Education: Social Justice in Higher Ed
Viewing higher education through a social justice lens, ACPA is working toward a day when students of every background have the support they need to succeed in college.
Education • American College Personnel Association
The American College Personnel Association believes the legacy of colonial rule and institutionalized racism has a negative impact on all students—and wants that to end.
“We are challenging institutions and professionals to rethink who is served by a college education and how all students are prioritized in supporting their needs to be able to access and achieve a college degree,” says ACPA Executive Director Christopher Moody. The organization aims to “reconstruct a society where we don’t default to notions of ‘majority rules’ or create programs and services off of only what is needed [by] white and/or male students to be successful in college.”
In pursuing that vision, ACPA uses virtual and in-person events to acknowledge the original ownership of land by Indigenous peoples; offers caucusing opportunities for racial, ethnic, and tribal groups to explore how to create racially and socially just communities; and encourages members—who are college and graduate students in higher education administration, faculty, and student affairs educators—to take these practices back to their own campuses for implementation. ACPA also works on leading research in this field so others can use this work to reshape their own communities.

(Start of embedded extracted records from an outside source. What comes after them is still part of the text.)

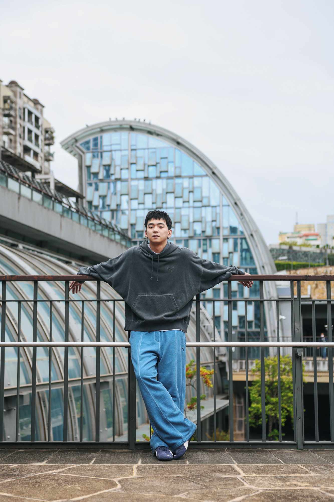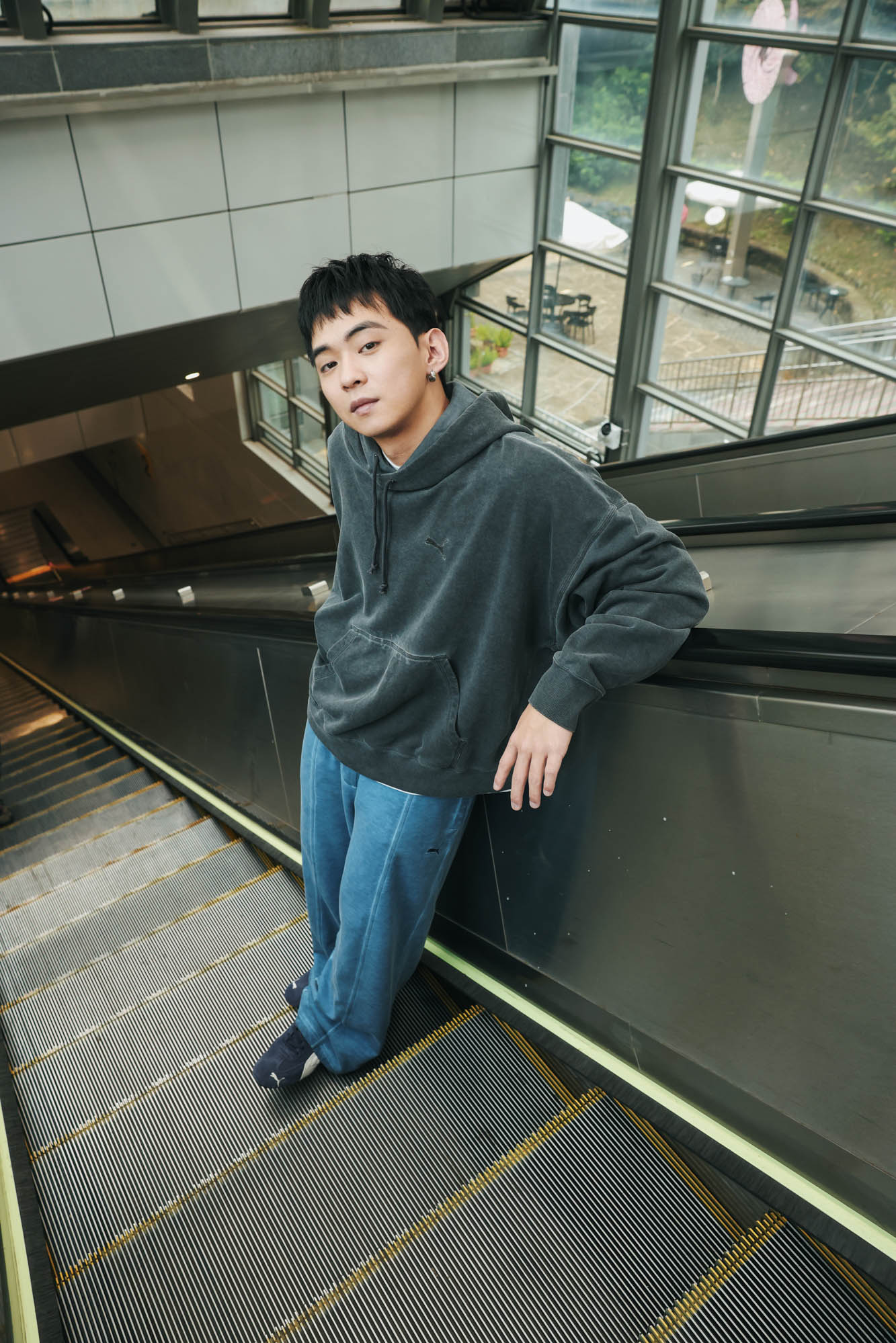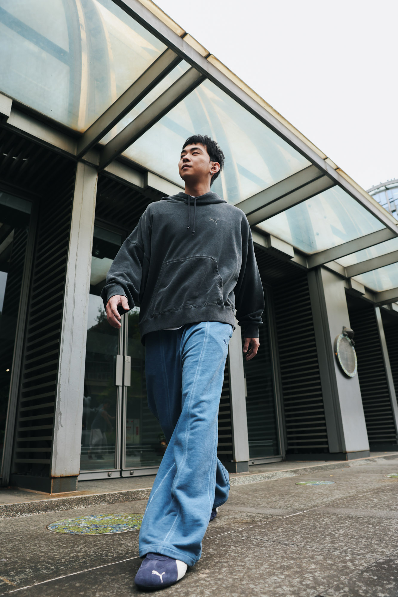 想要讓 monotone 多些變化,可以從顏色切入,保留同一款長褲,還有當然的主角「丹寧藍 SPEEDCAT」,上衣換上同樣是水洗方式、有著刷舊細節的連帽 T 恤,以設計手法統一整體造型,保留內搭的白色T 恤,微微露出領口與下襬,整個人看起來會更為青春自在。
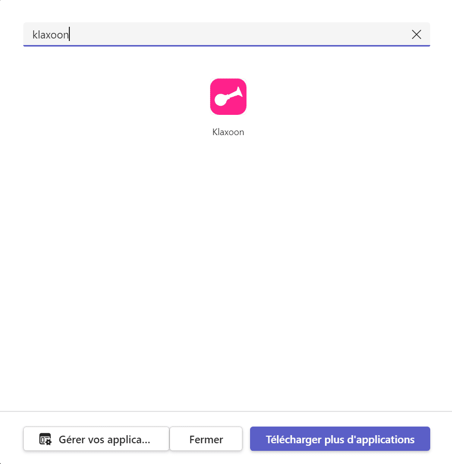 Puis, recherchez l'application Klaxoon.
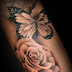Pinkish butterfly and rose tattoo on arm
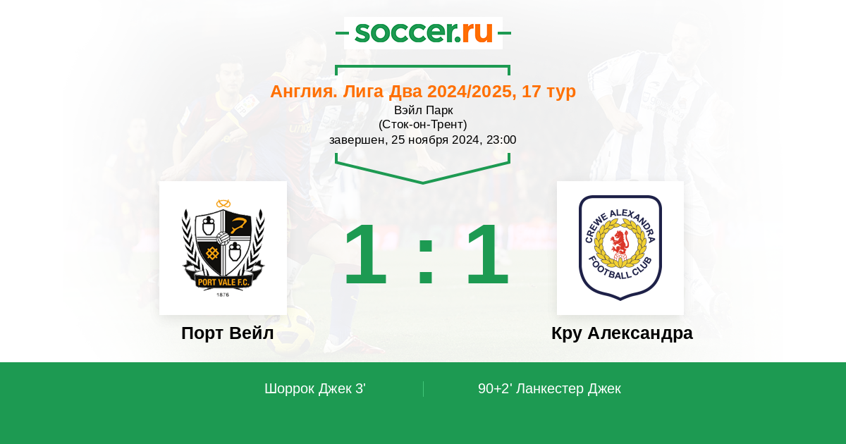 90+2' (1:1) Ланкестер Джек (14) (Конуэй Макс (25))
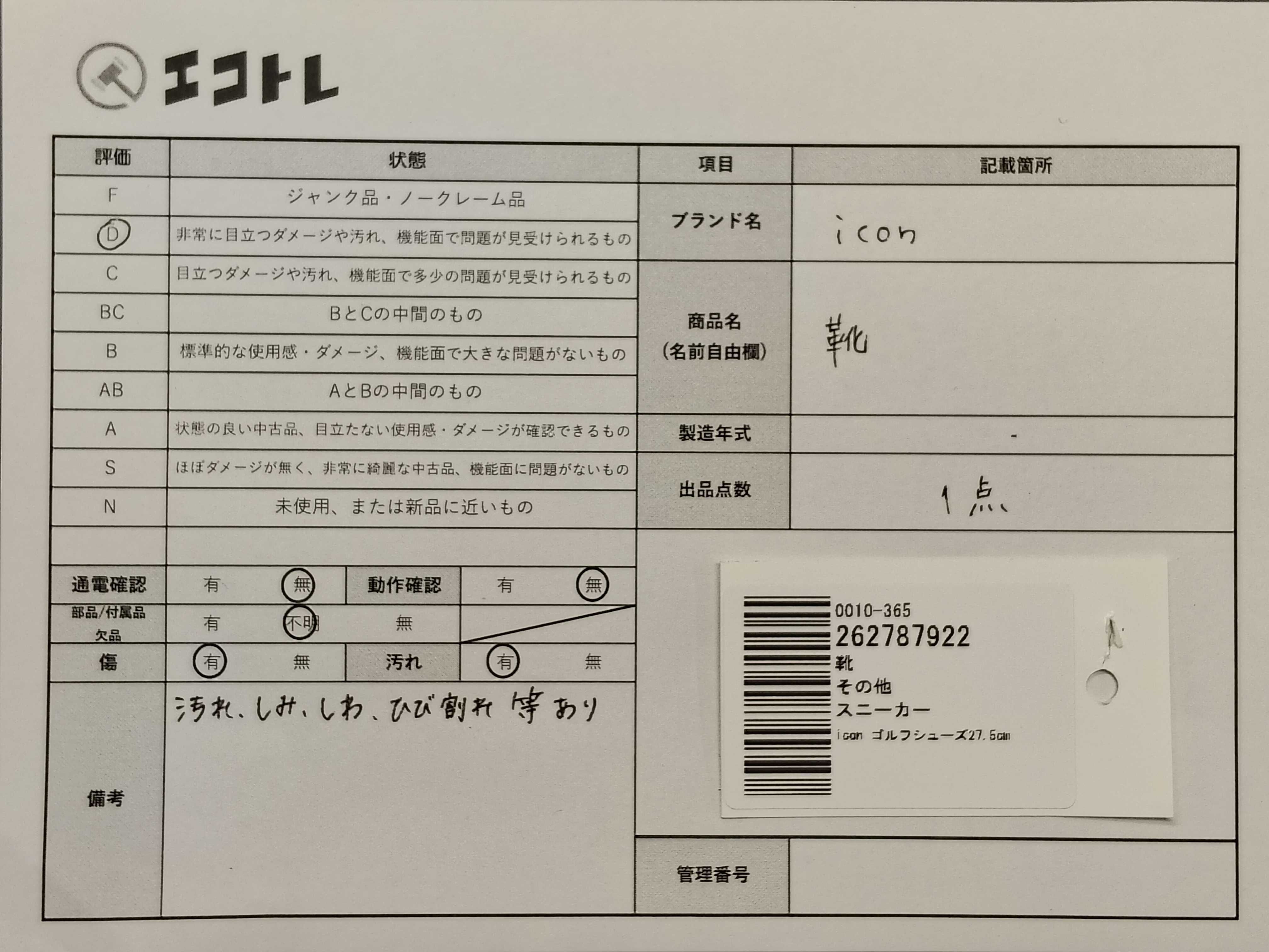 商品内容によって、JITBOXなどでの発送となる可能性がございます事ご理解下さい。年式などの商品情報詳細は写真にてご確認願います。※ご入札の際はご利用規約をよくお読みになってからのご参加お願いします。","タイプライン": "", "カテゴリ": "靴", "形状コード": "その他靴", "付属品コード": "", "シリアル・シール・型番": ""
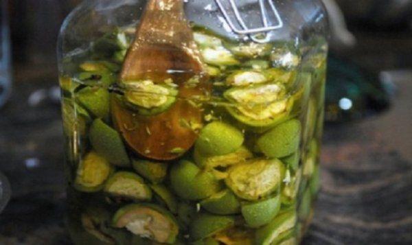1. Se maruntesc 20-24 de nuci verzi. Se pun intr-o sticla de 1 litru, cu gat larg, iar deasupra turnati alcool de 40 de grade, de buna calitate, sa fie de 2-3 degete deasupra nivelului nucilor.
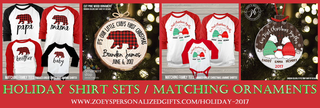 Lastly, family photos with everyone dressed in festive pajamas are all the rage. While Zoey's Attic doesn't currently offer pajama bottoms we do have comfy holidays tops that make the best Christmas jammie family shirts. Bundles for a family of three or four are available on our website and additional shirts can be added to any set if needed. We've even made family shirts for the grandparents, aunts, uncles, cousins, and family friends too. Our most sought after family shirt set this Christmas season has been the " Red Plaid Bear" matching set for four followed closely by the "First Christmas Family Bear" shirt set for three. And, don't forget the adorably sweet matching ornaments!
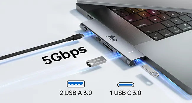 2 X USB A 3.0 and 1 USB C 3.0 Ports (At Full-Speed,up to 5 Gbp/s): Allow you to connect keyboard, mouse, hard drive,etc to MacBook Pro,Up to 5Gbps data transmission speed, down compatible with USB A 2.0 and below.
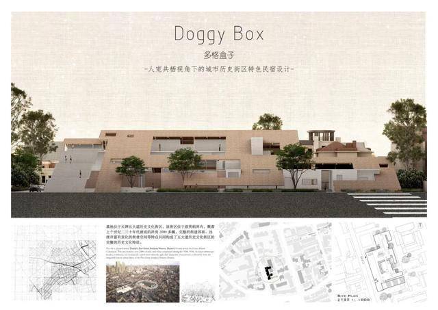 - 设计主题与问题解决:设计主题是在天津五大道湖南路东侧一块四千余平米的场地上设计一个城市历史街区特色民宿。针对场地附近周末和节假日小摊小贩多,影响道路交通和游览体验的问题,本设计试图将部分摊贩引入场地,成为民宿特色的一部分。
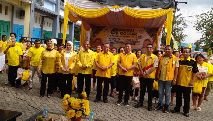 Since24News.com|Pematangsiantar – Ratusan Warga Pematangsiantar antusias meriahkan perayaan hari ulang tahun (HUT) Partai Golkar ke 61 di Pelataran kantor DPD Partai Golkar Pematangsiantar, jalan Rakutta Sembiring, kelurahan Naga Pita, kecamatan Siantar Martoba, Pematangsiantar, pada hari Kamis (16/10/2025).
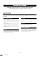 PRECAUTIONS PLEASE READ CAREFULLY BEFORE PROCEEDING * Please keep this manual in a safe place for future reference. WARNING Always follow the basic precautions listed below to avoid the possibility of serious injury or even death from electrical shock, short-circuiting, damages, fire or other hazards. These precautions include, but are not limited to, the following: Power supply/AC power adaptor Water warning • Only use the voltage specified as correct for the instrument.
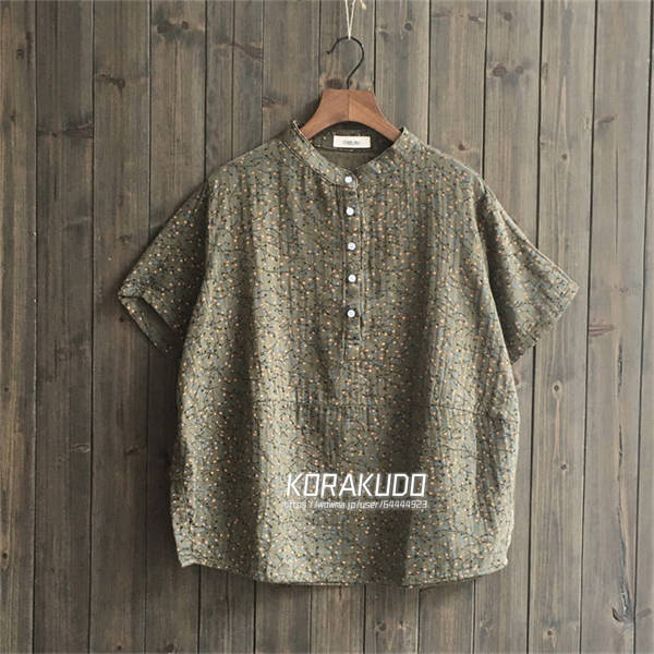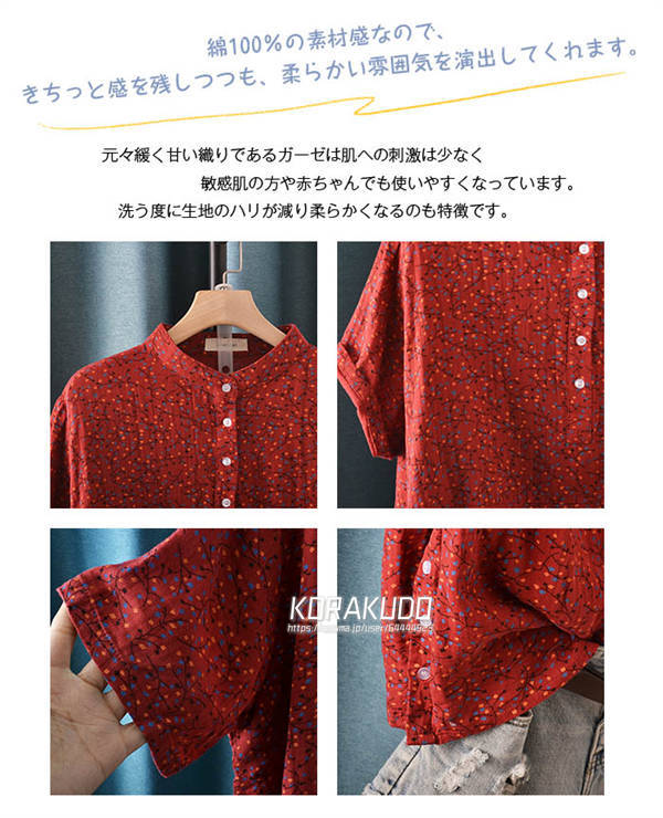 ガーゼ シャツ 夏 レディース コットン100% ガーゼシャツ 半袖 ダブルガーゼ レディースシャツ トップス 総柄 半袖シャツ 薄手シャツ ゆったり ゆるー 体型カバー ガーゼ 夏シャツ ナチュラル なつ 小柄 総柄シャツ
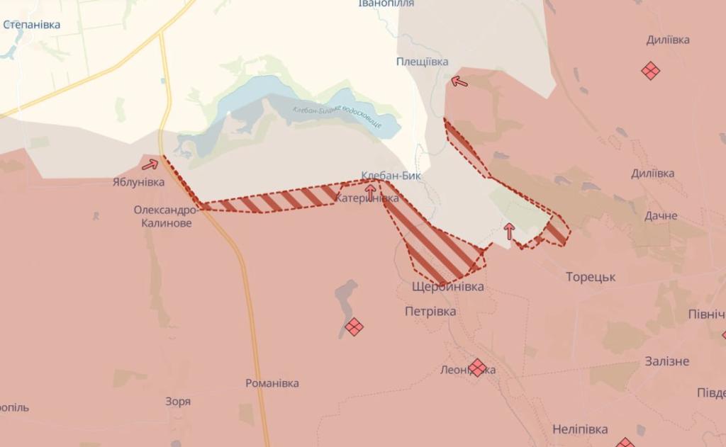 По информации аналитиков, оккупанты продвинулись в городе Торецк и поселке Щербиновка Донецкой области, а также вблизи поселка Ямполь и села Катериновка на Донетчине.
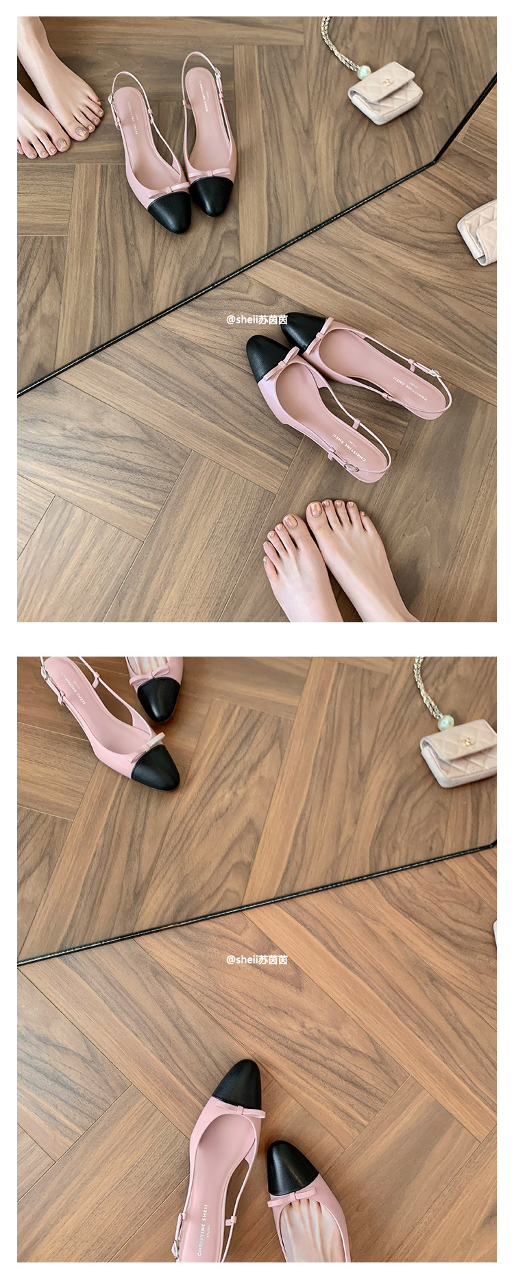 [수 Yinyin] 프랑스 애인 ~ 가죽 활 색상 매칭 빈 하이힐 바오터우 샌들 여성용 통근 ol
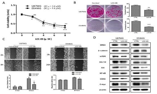 LCC-09 suppressed the viability and metastatic phenotype of GBM cells through the dysregulation of DRD4-mediated AKT/mTOR and NF-κB signaling axes. (A) LCC-09 significantly suppressed the viability of TMZ-resistant CD133+ U87MG and D54MG cells in a dose-dependent manner. Photo-images and graphical representation of the inhibitory effect of LCC-09 on the ability of TMZ-resistant CD133+ U87MG and D54MG cells to (B) form colonies, and (C) migrate. (D) LCC-09 downregulates the expression level of DRD4, β-catenin, Akt, mTOR, NF-κB, Erk1/2, c-Myc, and CDK6 proteins in TMZ-resistant CD133+ U87MG and D54MG cells compared to their vehicle-treated counterparts. β-actin served as loading control. * p < 0.05, ** p < 0.01, *** p < 0.001; ns, not significant; Data represent the mean ± SD of experiments performed 4 times in triplicates.
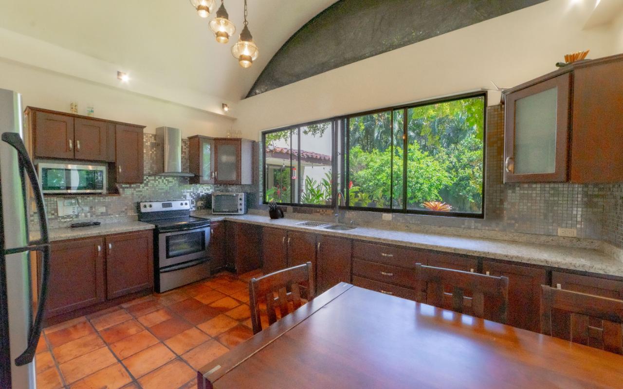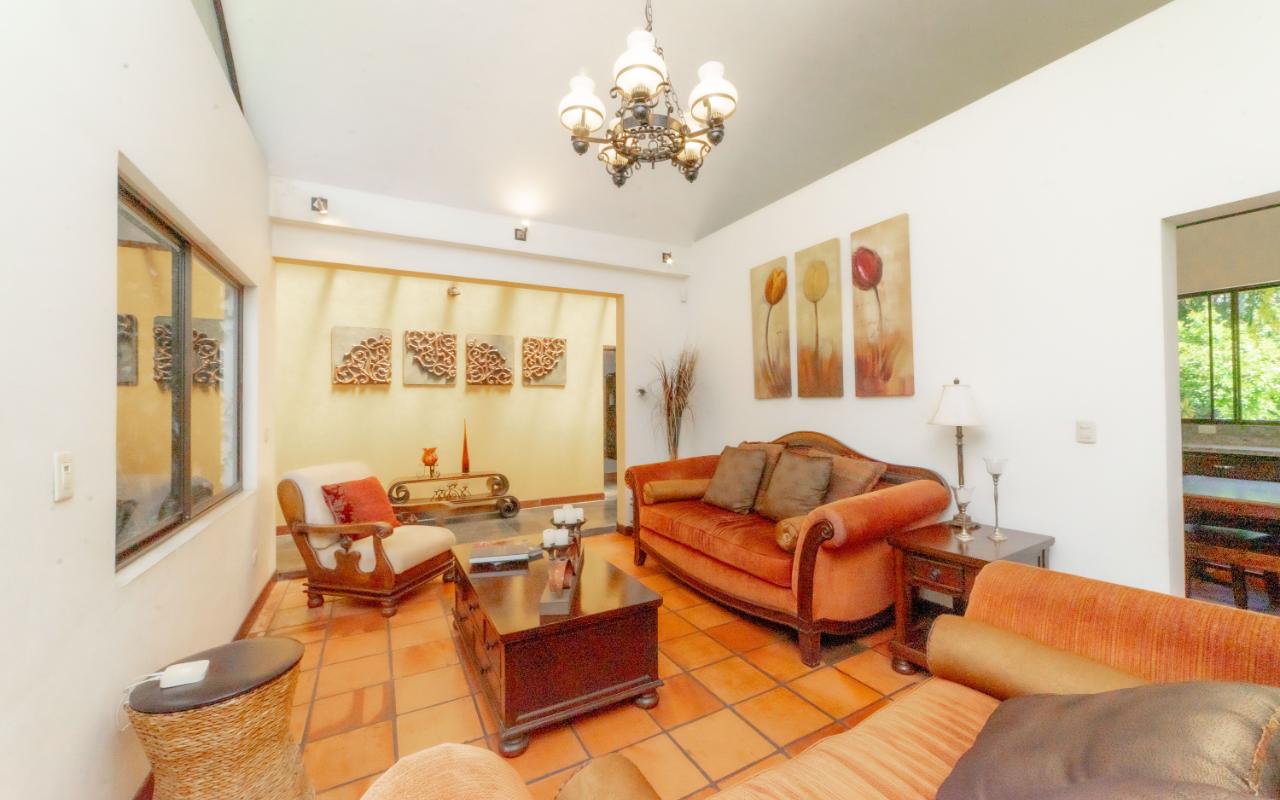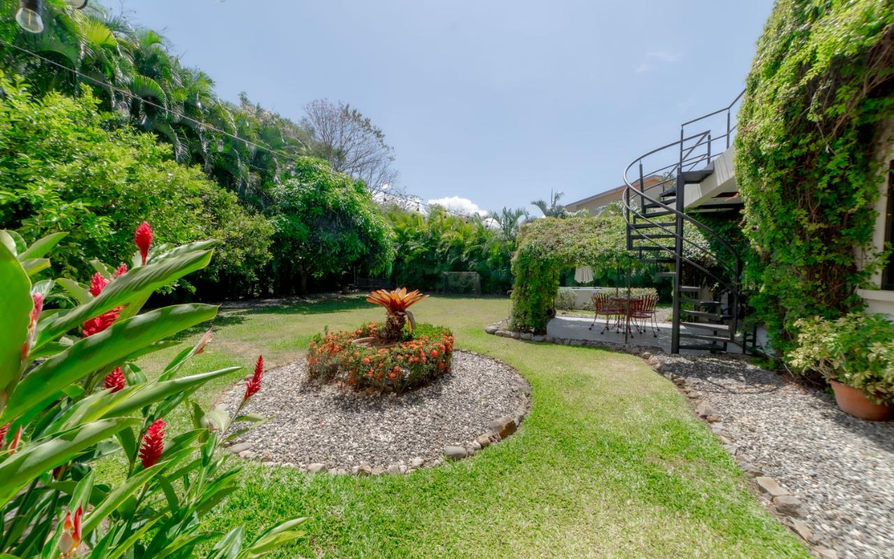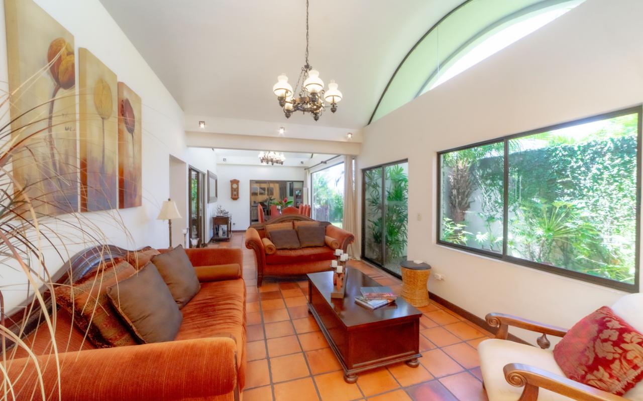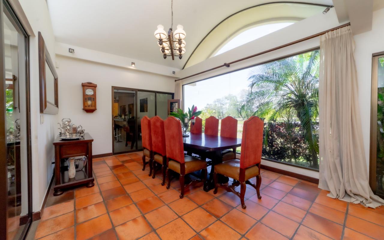 ID# 116720. House for sale or rent in La Guácima, Hacienda Los Reyes condominium, 420 sqm construction, 1.200 sqm land, 5 bedrooms, 4.5 baths, US$685.000 or US$3.500/mo. This magnificent two-story home with traditional architecture and the finest finishes, built in 2012, offers a harmonious blend of comfort, elegance and luxury. Located in an excellent spot within the condominium, it is across the sports areas, so there are no buildings or view obstructions. The home features 5 bedrooms, 4.5 baths, an ample living room and dining room, and beautiful arched ceilings that provide a sense of amplitude. The kitchen is separated, fully furnished with custom wood cabinetry, granite countertopss, and a dinette area. There are floor-to-top windows throughout the house, filling it with natural light and freshness. The terrace and area with pergola overlook the huge gardens. The ourdoors area can be accessed via a spiral staircase from the second floor. The master bedroom also boasts an ensuite bath, a hot tub, and a large walk-in closet. The secondary bedrooms have closet space and view to the garden as well. There’s an ample laundry room and half bath for guest on the first floor. The house also includes a closed garage for 2 vehicles and additional parking space in the driveway. It's the perfect spot for those looking for a luxurious home in a peaceful setting. Hacienda Los Reyes is a 24/7 security residential complex that offers a tranquil and quiet environment, away from all the city noise but at the same time strategically located to be close to all kinds of urban facilities such as supermarkets, shopping centers, schools, banks, restaurants, hospitals, entertainment venues, through easy access roads. The complex has great amenities like pool, ranch, soccer field and ample green areas with orchard and fruit trees.

Moody says it’s hard to predict exactly what success looks like because so much of today’s world is filtered through a prism of colonial legacy. But he knows the outcome ACPA is working toward: “A higher education that embraces racial justice and decolonization might produce graduates of color or graduates who are Indigenous at the same or higher rates of white graduates [and] have greater diversity and representation across institutional leadership and faculty.”